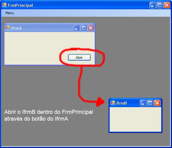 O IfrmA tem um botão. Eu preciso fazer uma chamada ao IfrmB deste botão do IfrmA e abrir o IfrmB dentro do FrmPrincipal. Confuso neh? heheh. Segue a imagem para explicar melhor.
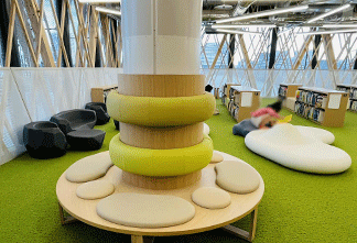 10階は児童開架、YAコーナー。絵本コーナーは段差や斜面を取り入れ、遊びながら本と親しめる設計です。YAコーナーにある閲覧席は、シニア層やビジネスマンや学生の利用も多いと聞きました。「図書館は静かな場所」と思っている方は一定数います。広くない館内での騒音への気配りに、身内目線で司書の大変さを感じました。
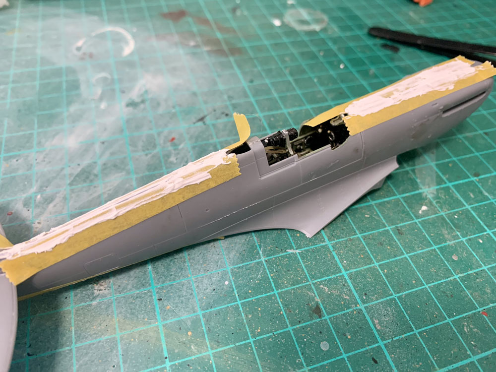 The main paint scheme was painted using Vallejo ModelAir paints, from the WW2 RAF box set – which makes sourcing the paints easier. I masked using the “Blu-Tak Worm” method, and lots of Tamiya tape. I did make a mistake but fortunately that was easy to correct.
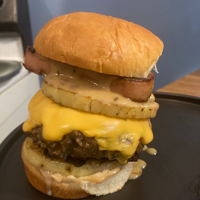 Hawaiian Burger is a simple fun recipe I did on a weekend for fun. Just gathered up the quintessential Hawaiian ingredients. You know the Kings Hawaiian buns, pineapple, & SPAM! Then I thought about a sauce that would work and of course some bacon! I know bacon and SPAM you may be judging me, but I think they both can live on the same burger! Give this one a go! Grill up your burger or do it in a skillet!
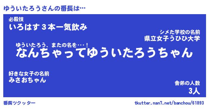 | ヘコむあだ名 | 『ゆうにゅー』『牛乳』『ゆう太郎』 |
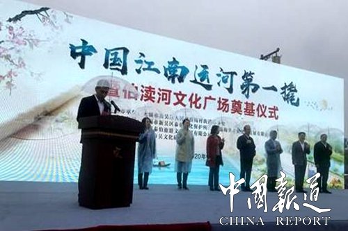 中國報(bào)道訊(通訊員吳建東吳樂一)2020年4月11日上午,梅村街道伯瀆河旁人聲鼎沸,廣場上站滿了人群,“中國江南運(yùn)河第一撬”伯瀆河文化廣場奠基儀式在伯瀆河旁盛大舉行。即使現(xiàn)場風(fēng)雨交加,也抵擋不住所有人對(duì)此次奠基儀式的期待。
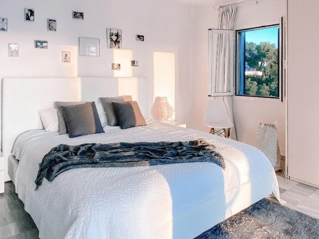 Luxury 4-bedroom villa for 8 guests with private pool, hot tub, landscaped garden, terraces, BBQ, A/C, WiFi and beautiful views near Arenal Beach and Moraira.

■ Your objective
Beginning with the line above that contains "Hawaiian Burger is" and ending with the line that contains "中國報(bào)道訊(通訊員", quote each line exactly, keeping out the pictures.

■ Response box
 Hawaiian Burger is a simple fun recipe I did on a weekend for fun. Just gathered up the quintessential Hawaiian ingredients. You know the Kings Hawaiian buns, pineapple, & SPAM! Then I thought about a sauce that would work and of course some bacon! I know bacon and SPAM you may be judging me, but I think they both can live on the same burger! Give this one a go! Grill up your burger or do it in a skillet!
 | ヘコむあだ名 | 『ゆうにゅー』『牛乳』『ゆう太郎』 |
 中國報(bào)道訊(通訊員吳建東吳樂一)2020年4月11日上午,梅村街道伯瀆河旁人聲鼎沸,廣場上站滿了人群,“中國江南運(yùn)河第一撬”伯瀆河文化廣場奠基儀式在伯瀆河旁盛大舉行。即使現(xiàn)場風(fēng)雨交加,也抵擋不住所有人對(duì)此次奠基儀式的期待。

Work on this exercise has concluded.